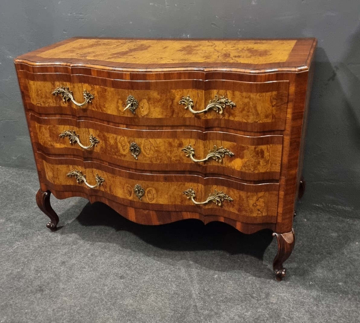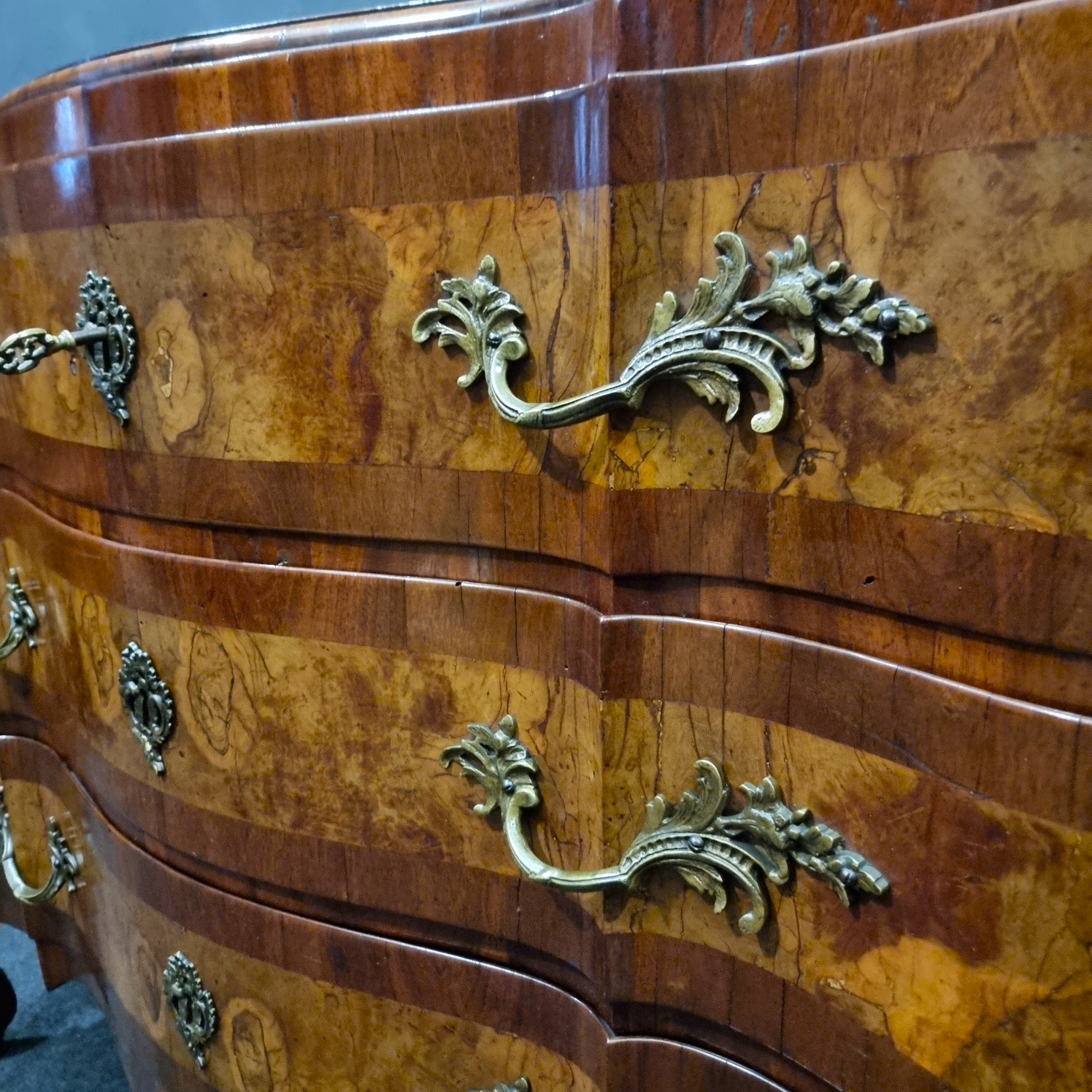 The chest of drawers measures 126 cm in width, 62 cm in depth and 95 cm in height, dimensions that make it ideal for fitting into different living spaces. In good general condition, it retains an original patina that gives it an authentic charm and the typical "wrinkles of time" that enhance its historical value. The grains of the walnut and olive wood stand out with great beauty, creating a play of natural and warm colors.
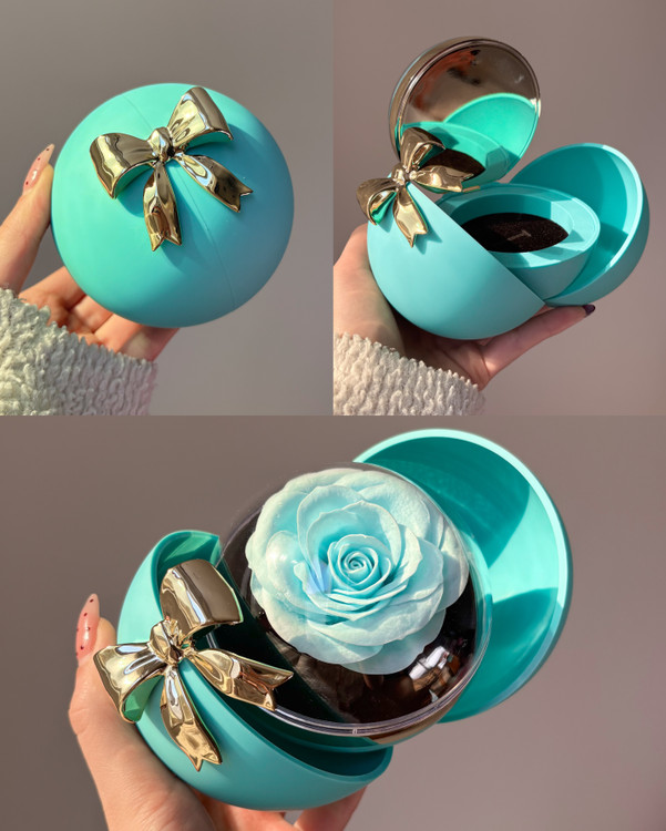 باکس گل جاودان سورپرایزی طرح گوی پاپیونی « آبی »
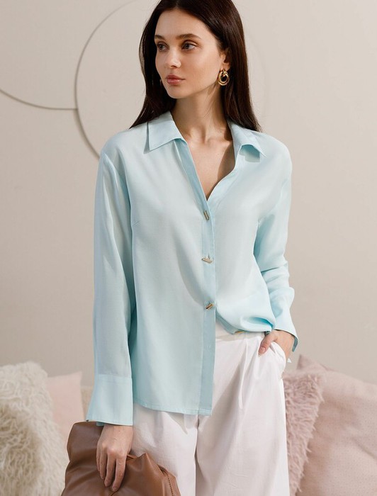 Блузка светло-оливкового цвета сочетает в себе комфорт и элегантность благодаря материалу из вискозы с лиоцеллом. Аккуратный отложной воротник подчеркивает утонченность образа, а продолговатые металлические пуговицы золотистого цвета добавляют выразительный акцент и придают блузке благородный вид. Широкие манжеты на рукавах привлекают внимание и делают силуэт современным. Спущенная линия плеча формирует расслабленный, но стильный внешний вид, что идеально для тех, кто ценит индивидуальность и уверенность в деталях. Крой продуман так, чтобы подчеркивать достоинства фигуры и на больших размерах, создавая гармоничный силуэт без лишних усилий. Ткань из вискозы с добавлением лиоцелла обеспечивает приятные ощущения и отличную посадку, струится на теле и охлаждает в жаркую погоду. Рубашка легко впишется как в деловой гардероб, так и в повседневный стиль, позволяя выглядеть безупречно независимо от ситуации.
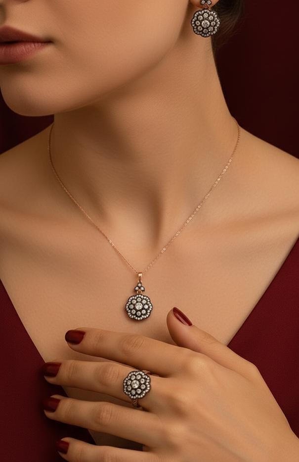 925 Ayar Gümüş Elmas Montürlü Çiçek Motifli Takı Seti

_The problem_: The answer should contain every line of the material exactly as written and no pictures.

_Answer for this exercise_:
 The chest of drawers measures 126 cm in width, 62 cm in depth and 95 cm in height, dimensions that make it ideal for fitting into different living spaces. In good general condition, it retains an original patina that gives it an authentic charm and the typical "wrinkles of time" that enhance its historical value. The grains of the walnut and olive wood stand out with great beauty, creating a play of natural and warm colors.
 باکس گل جاودان سورپرایزی طرح گوی پاپیونی « آبی »
 Блузка светло-оливкового цвета сочетает в себе комфорт и элегантность благодаря материалу из вискозы с лиоцеллом. Аккуратный отложной воротник подчеркивает утонченность образа, а продолговатые металлические пуговицы золотистого цвета добавляют выразительный акцент и придают блузке благородный вид. Широкие манжеты на рукавах привлекают внимание и делают силуэт современным. Спущенная линия плеча формирует расслабленный, но стильный внешний вид, что идеально для тех, кто ценит индивидуальность и уверенность в деталях. Крой продуман так, чтобы подчеркивать достоинства фигуры и на больших размерах, создавая гармоничный силуэт без лишних усилий. Ткань из вискозы с добавлением лиоцелла обеспечивает приятные ощущения и отличную посадку, струится на теле и охлаждает в жаркую погоду. Рубашка легко впишется как в деловой гардероб, так и в повседневный стиль, позволяя выглядеть безупречно независимо от ситуации.
 925 Ayar Gümüş Elmas Montürlü Çiçek Motifli Takı Seti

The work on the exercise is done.